## What you should do
Copy out the listing below exactly, please, and skip any pictures.

BEGIN Collected material

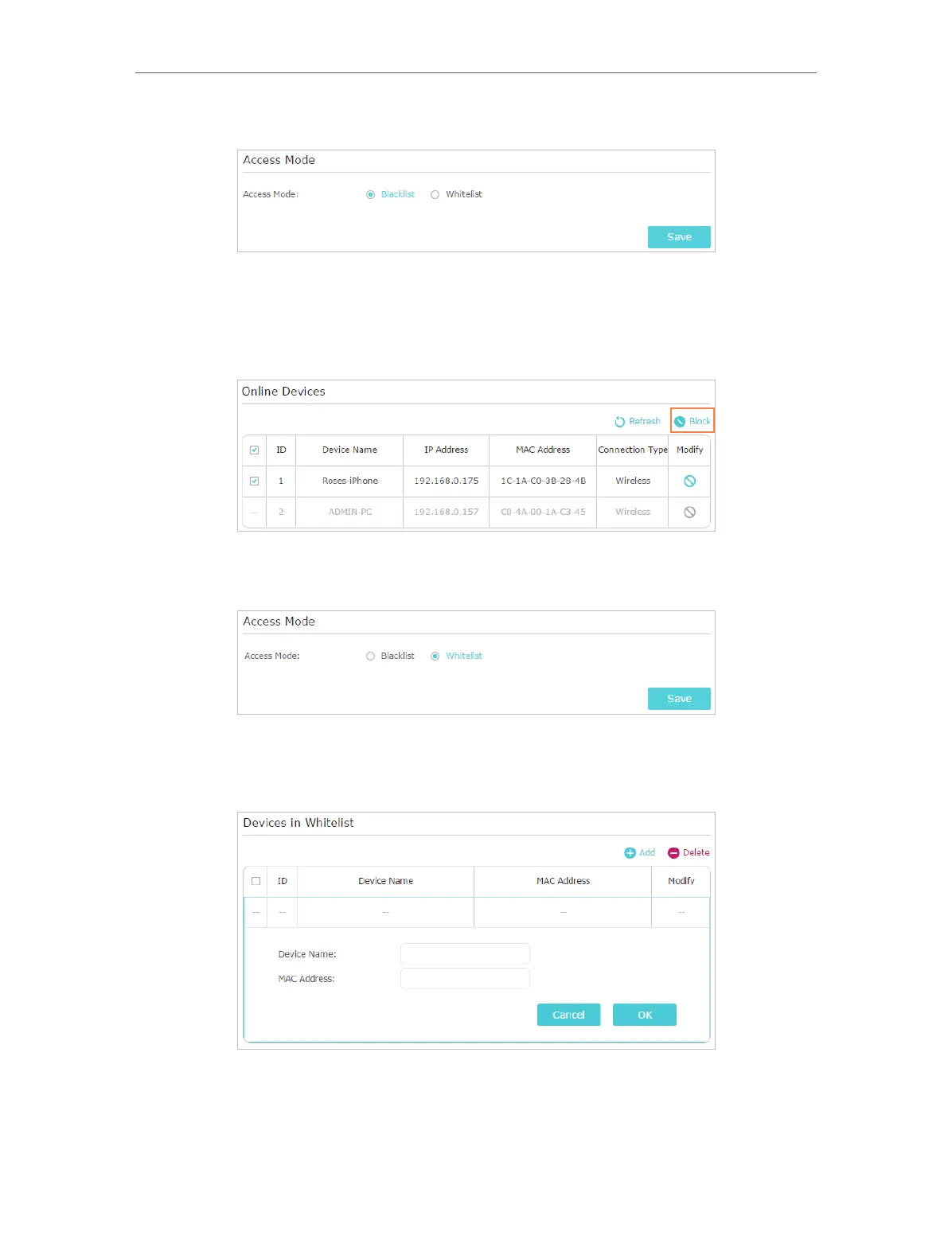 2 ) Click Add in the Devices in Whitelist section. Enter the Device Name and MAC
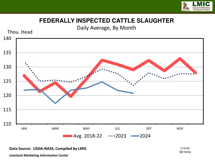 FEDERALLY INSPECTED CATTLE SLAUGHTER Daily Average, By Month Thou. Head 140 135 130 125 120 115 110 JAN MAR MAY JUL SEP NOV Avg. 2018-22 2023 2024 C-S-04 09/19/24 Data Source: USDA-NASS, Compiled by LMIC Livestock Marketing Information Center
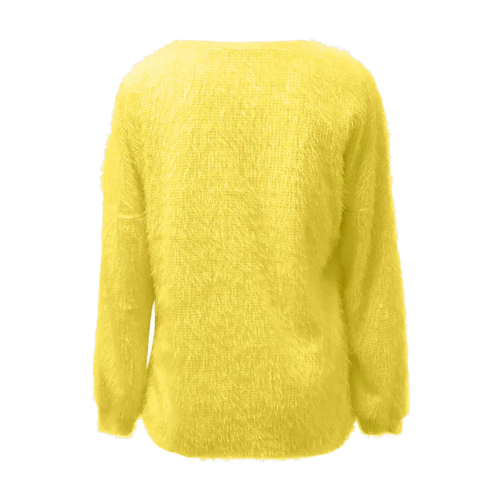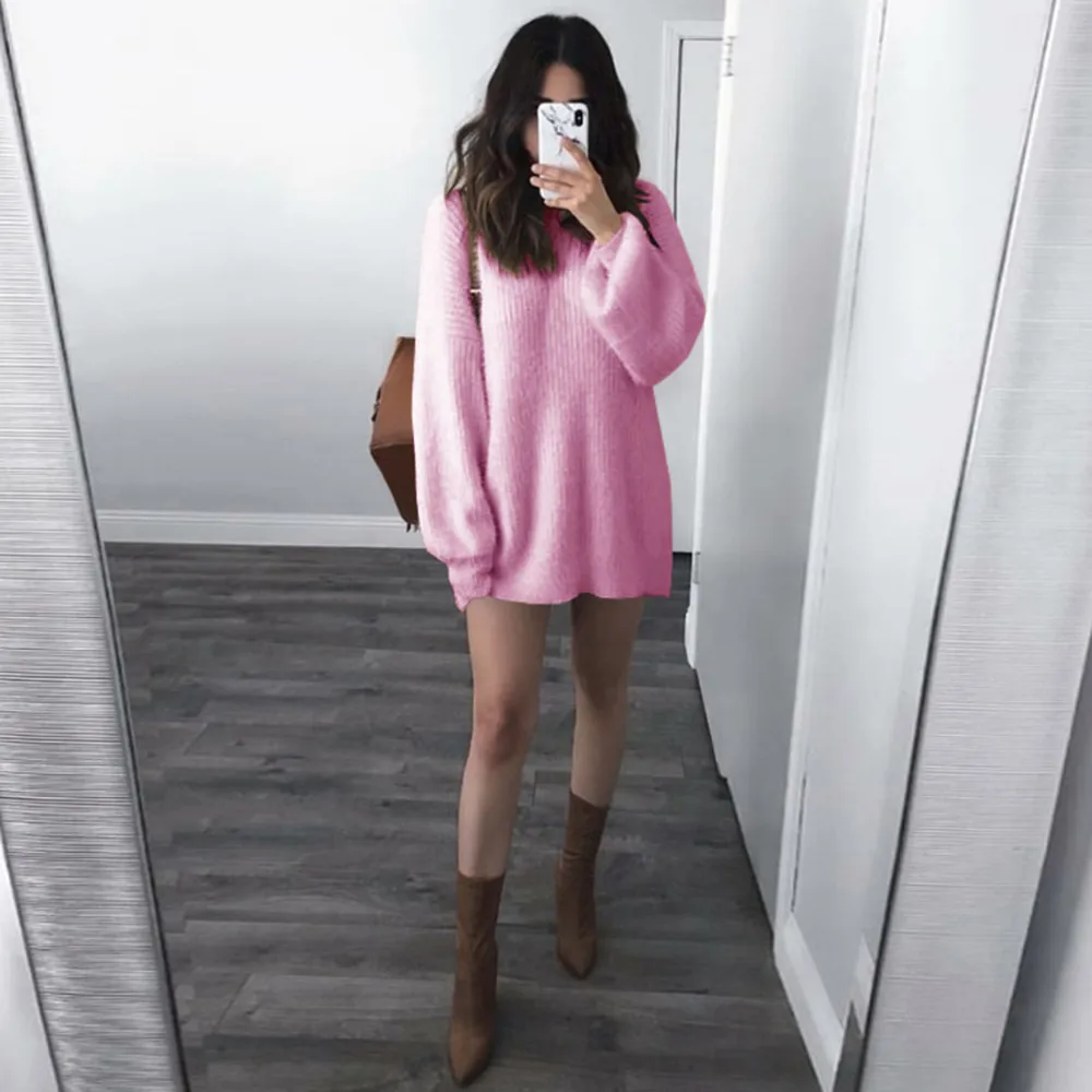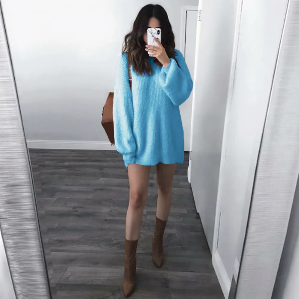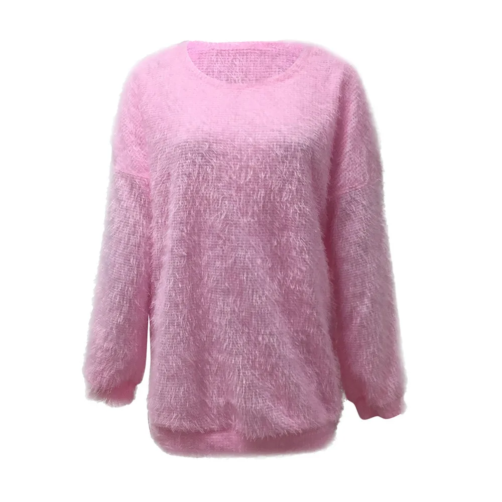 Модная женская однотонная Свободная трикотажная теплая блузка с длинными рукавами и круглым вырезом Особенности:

END Collected material

## Written answer
 2 ) Click Add in the Devices in Whitelist section. Enter the Device Name and MAC
 FEDERALLY INSPECTED CATTLE SLAUGHTER Daily Average, By Month Thou. Head 140 135 130 125 120 115 110 JAN MAR MAY JUL SEP NOV Avg. 2018-22 2023 2024 C-S-04 09/19/24 Data Source: USDA-NASS, Compiled by LMIC Livestock Marketing Information Center
 Модная женская однотонная Свободная трикотажная теплая блузка с длинными рукавами и круглым вырезом Особенности:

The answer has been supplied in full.